The St. Petersburg, Fla.-based firm has already staked 12 advisor practices through its Practice Capital Solutions Program, and has about 100 more in talks, said Emma Boston, senior vice president, succession and capital.
“What has been truly surprising is the amount of interest that we have heard from advisors,” Boston said during a panel discussion at the conference. “I give credit to you all for all of your feedback and partnership to collaborate and create something together with us.”
Raymond James’ capital solutions program offers three options: debt financing, a minority stake of about 10% to 30%, or a 100% equity stake.
Boston said on the sidelines of the conference that the most common request is for a noncontrolling minority investment that will allow the advisor to retain independence, while funding either succession needs or growth objectives.

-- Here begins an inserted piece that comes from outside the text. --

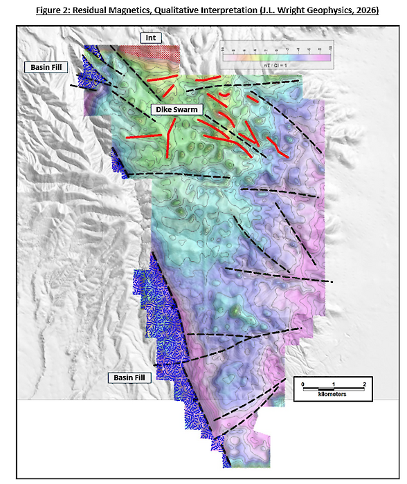 Property-wide drone magnetic survey flown at the end of 2025 indicates a buried intrusive centre near the previous northern boundary of Toiyabe Hills

“The majority want minority so they can stay independent,” Boston said. "It is a smaller use case for full acquisition.”
The first firm to enter the program, Birmingham Investment Group, said during the panel session that it wanted to raise capital partly to recover acquisition costs from recent acquisitions, as well as to set up an equity-sharing program for its younger advisors.
“We were concerned about the transition to our [Generation] 2s and G-3s,” he said. “It was important to us that we had a conduit to let them get us out of the way.”
Whatley said Boston and Raymond James worked with the firm to create different share classes for their next generation of advisors to ease them into ownership.
“It’s a gradual process,” he said. “But it gives us time to evaluate them, too … we want to make sure we put everyone in a position to succeed.”
Raymond James is competing with a variety of capital-raising options available to financial advisors in the market. Those range from selling to a private equity-controlled firm to getting a noncontrolling minority investment from industry-focused banks or other RIAs.
On the main stage of the conference, Private Client Group President Tash Elwyn highlighted the Practice Capital Solutions program to the more than 2,000 financial advisors in attendance.
“Obviously, there are many benefits [of the capital program], with the most notable that it’s a firm and a name that you already know, you trust and that’s going to provide tremendous continuity, not only to your business, but to your clients,” he said.
On the sidelines of the conference, he added that demand had been strong since the firm announced the program.
Elwyn compared the capital program to the flood of private equity in the IBD and RIA space.
“As you look at what’s happened across the industry over the last five to 10 years, there’s been X-amount of aggregation, but you’ve yet to see the exits,” he said. “Advisors are rightfully concerned about the implications of that, most importantly to their clients, but then in addition to the businesses they built, the legacy of those businesses, what happens to their successors.”
David Keator of advisory Keator Group said he leveraged the program for long-term succession planning with his children. They were the third generation to join the firm founded by Keator’s mother in 1979.
Keator said that they all felt they could “easily sell the business.” But they were looking for a partnership that would help his children eventually take control.
“As a dad, I didn’t want to indenture my children into a situation that I wasn’t sure of,” he said. “After a lot of thought, and a lot of looking around, candidly, we came back to this is where we want to be, and the kids said yes, this is also where we want to be.”